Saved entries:
::::::::::

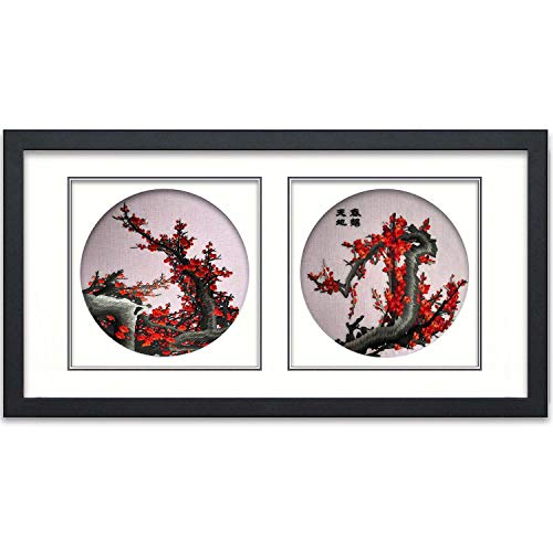 King Silk Art 100% Handmade Embroidery New Designed Red Plum Blossom Flower Wall Hanging 13" x 24" Double Picture Core Chinese Print Framed Painting Gift Oriental Asian
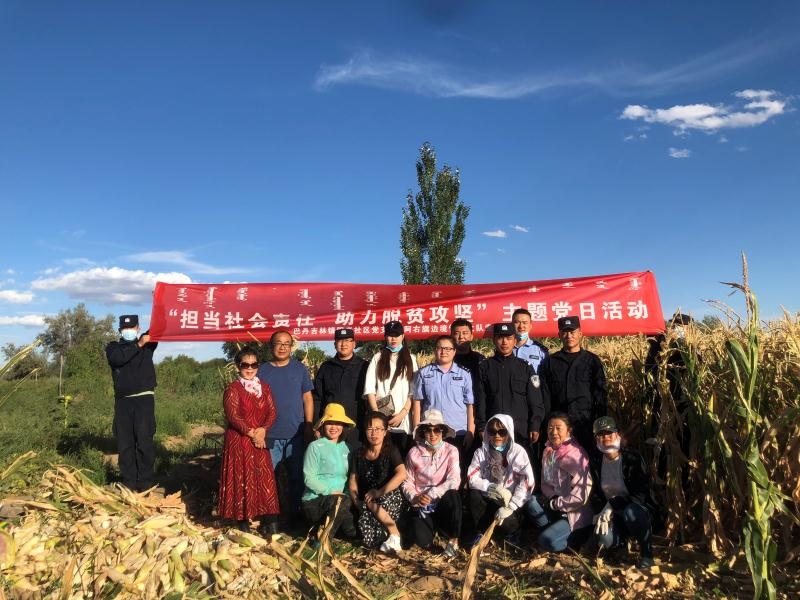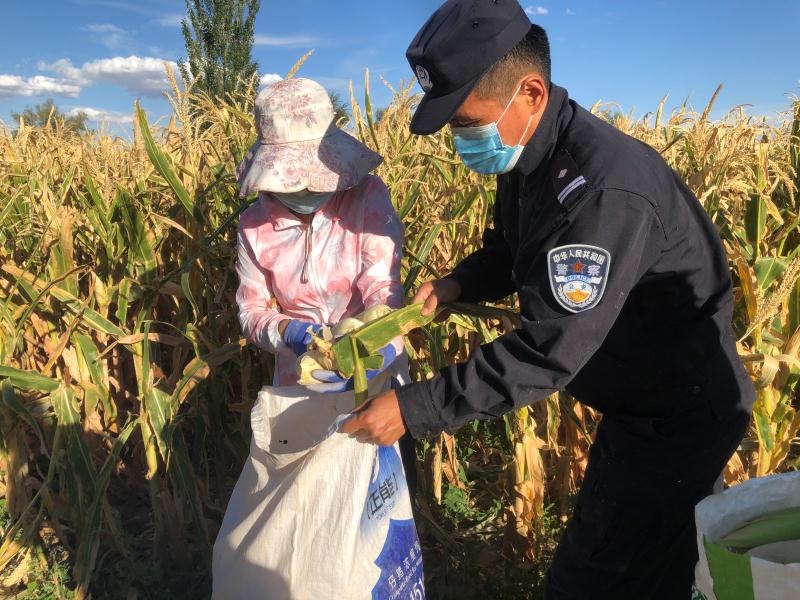 金秋時節(jié),大地金黃,碩果飄香,民警們頭頂烈日,揮舞鐮刀,有條不紊地收割著玉米,田間地頭中到處洋溢著爽朗的笑聲、彌漫著豐收的喜悅。這是在內(nèi)蒙古阿拉善右旗巴丹吉林鎮(zhèn)阿日毛道嘎查的莊稼地里,阿拉善邊境管理支隊的民警幫助群眾秋收的景象。
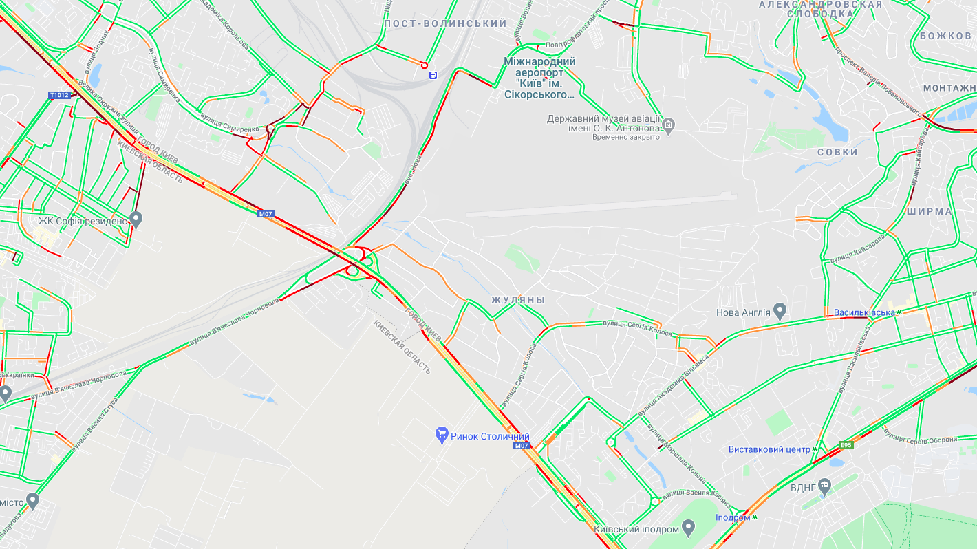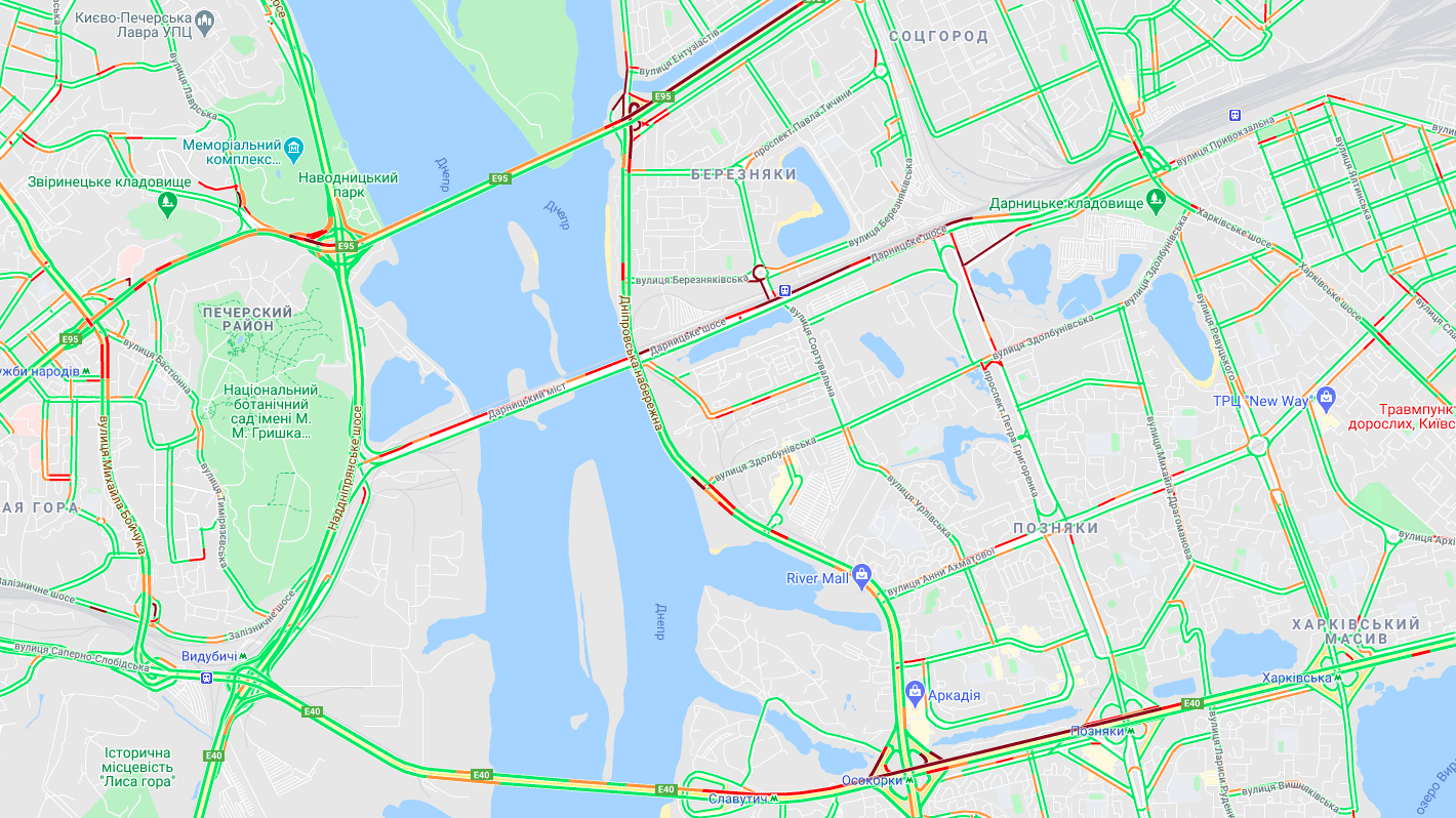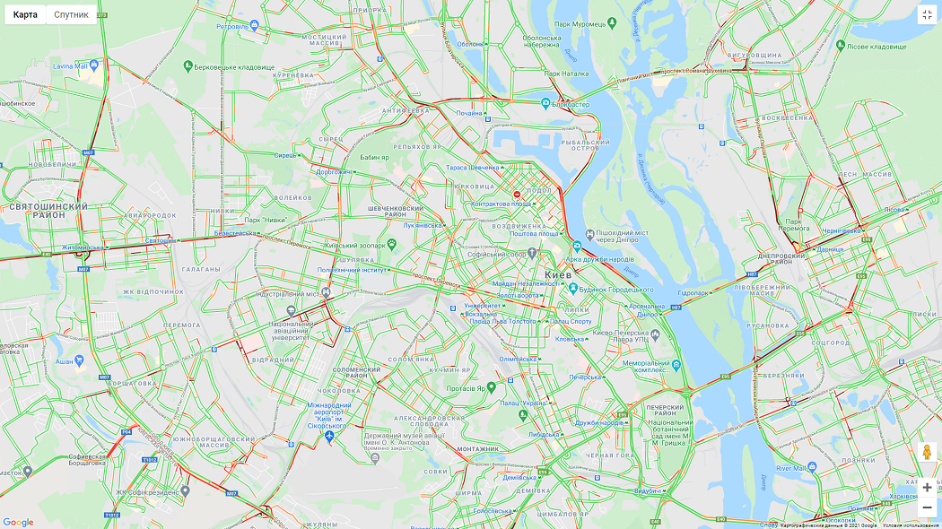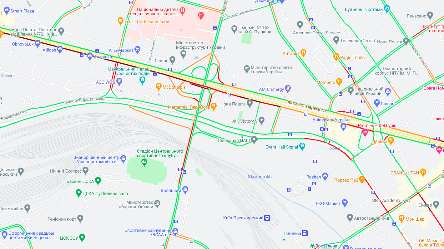 Рух транспорту особливо ускладнено на проспекті Перемоги і вулиці Борщагівській, стоять автомобілі на вулицях Миколи Голеги. Затор виник також на Великій Кільцевій дорозі, Набережне шосе стоїть в пробці в двох напрямках.
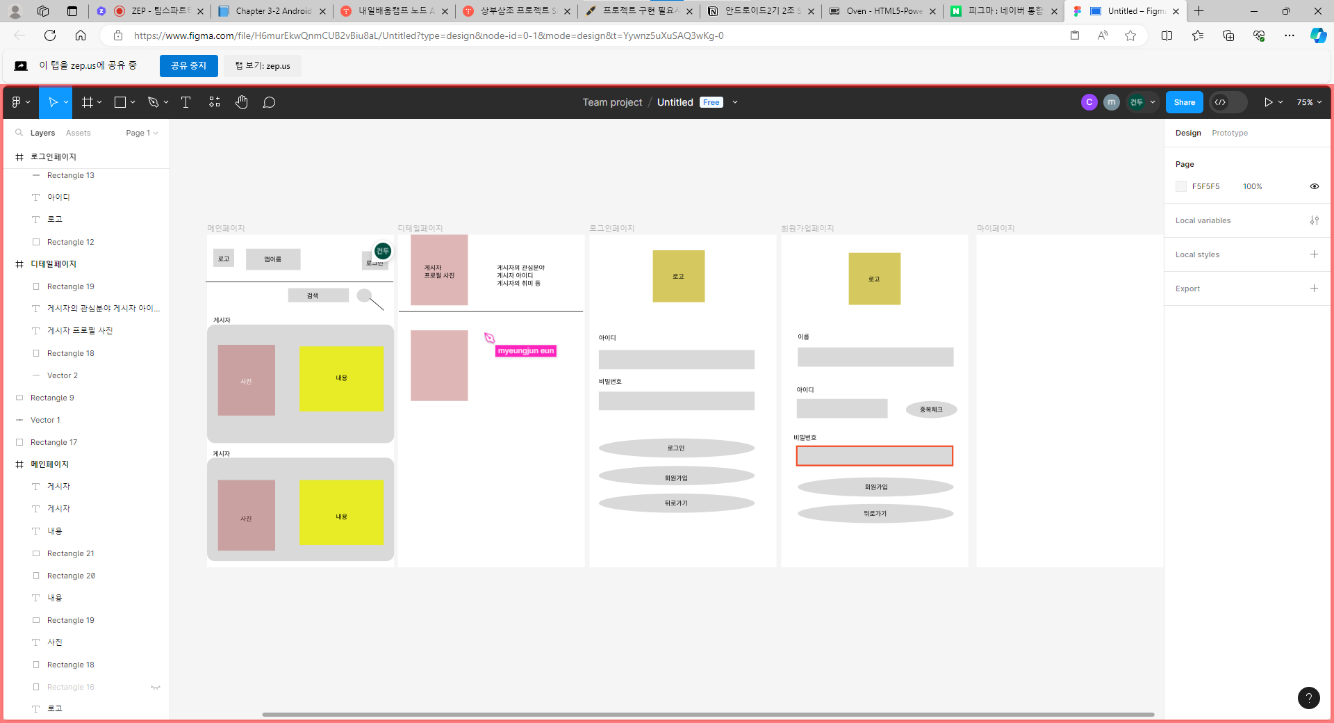 들어가서보니 가입도 간단하여 만들고 팀원들을 초대해서 다 같이 작성하였다. 중간에 코멘트로 여기에 어떤 부분을 첨가하면 좋겠다 같은 내용을 넣을 수도 있어서 이 피그마가 팀원들과 함께 작업하기에 좋은거 같았다. 다만 다들 처음이라 그림판에서 그렸던 것과 마찬가지로 좀 그렇긴 하지만 일단 틀은 잡았다.
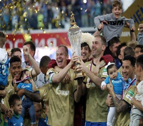 2019年5月5月12日,圣彼得堡澤尼特隊球員慶祝奪冠。 當日,在2018-2019賽季俄羅斯足球超級聯賽第28輪的比賽中,圣彼得堡澤尼特隊主場以3比1戰勝莫斯科中央陸軍隊,隨后舉行儀式慶祝提前奪得本賽季俄超聯賽冠軍。 新華社/歐新
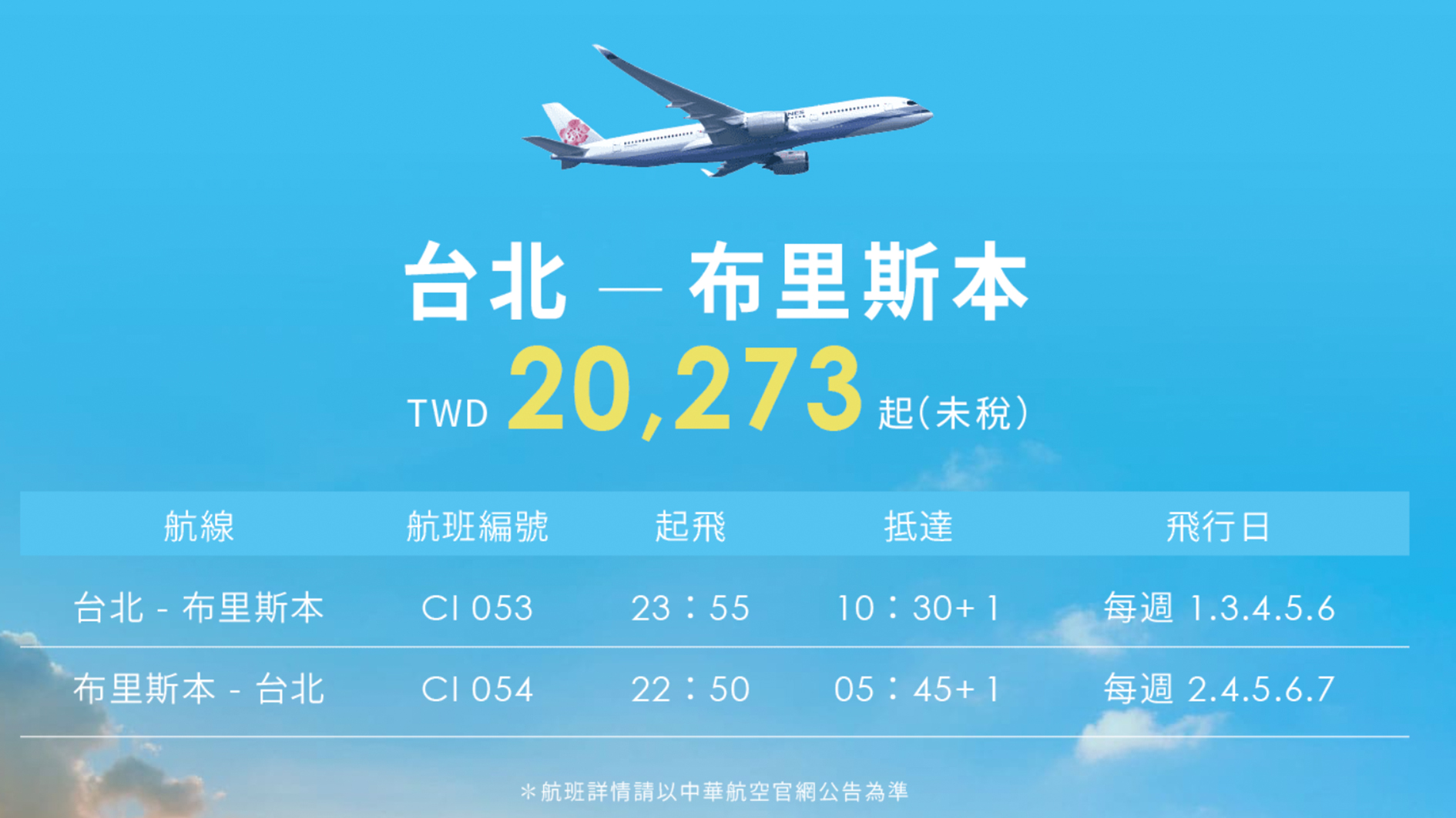 我曾在《寂寞星球》中讀到一句話:「當你決定出發,最困難的事就已經解決了。」而若能選擇華航直飛航班舒適地前往布里斯本,能減少轉機的舟車勞頓,讓自己更有精神活力面對全新的冒險,就再好不過了!我知道華航每週有五班也是台灣航空公司直飛選擇最多的航班,旅人在安排行程的自由度更大大提升,順帶一提,我去布里斯本也都是搭華航喔!
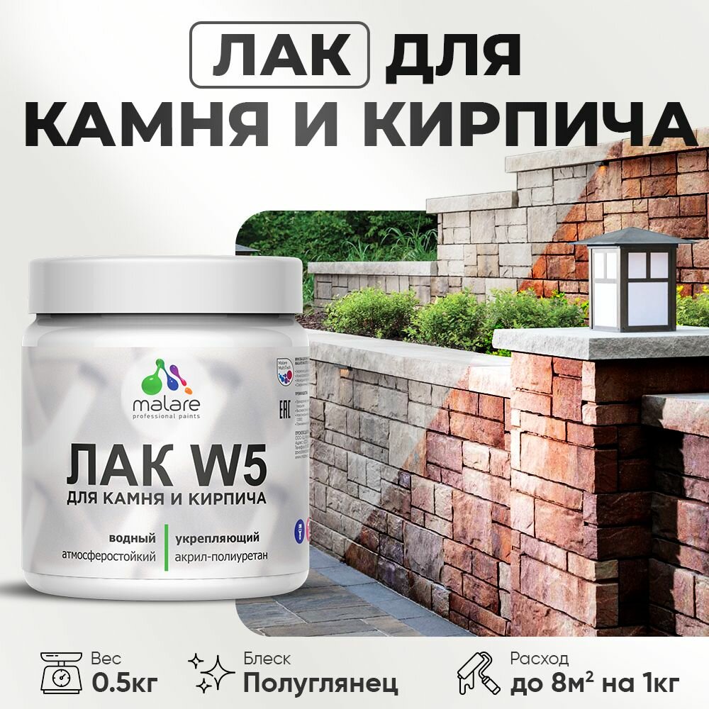 Купить Лак для камня и кирпича Malare Professional для дерева и минеральных поверхностей, водный без запаха быстросохнущий полуглянцевый, бесцветный, 0.5 кг.

::::::::::

_Required action_
Repeat, exactly and in full, each line from the start of the data to the line that contains "들어가서보니 가입도 간단하여". Pictures do not go in.

_Output below_
 King Silk Art 100% Handmade Embroidery New Designed Red Plum Blossom Flower Wall Hanging 13" x 24" Double Picture Core Chinese Print Framed Painting Gift Oriental Asian
 金秋時節(jié),大地金黃,碩果飄香,民警們頭頂烈日,揮舞鐮刀,有條不紊地收割著玉米,田間地頭中到處洋溢著爽朗的笑聲、彌漫著豐收的喜悅。這是在內(nèi)蒙古阿拉善右旗巴丹吉林鎮(zhèn)阿日毛道嘎查的莊稼地里,阿拉善邊境管理支隊的民警幫助群眾秋收的景象。
 Рух транспорту особливо ускладнено на проспекті Перемоги і вулиці Борщагівській, стоять автомобілі на вулицях Миколи Голеги. Затор виник також на Великій Кільцевій дорозі, Набережне шосе стоїть в пробці в двох напрямках.
 들어가서보니 가입도 간단하여 만들고 팀원들을 초대해서 다 같이 작성하였다. 중간에 코멘트로 여기에 어떤 부분을 첨가하면 좋겠다 같은 내용을 넣을 수도 있어서 이 피그마가 팀원들과 함께 작업하기에 좋은거 같았다. 다만 다들 처음이라 그림판에서 그렸던 것과 마찬가지로 좀 그렇긴 하지만 일단 틀은 잡았다.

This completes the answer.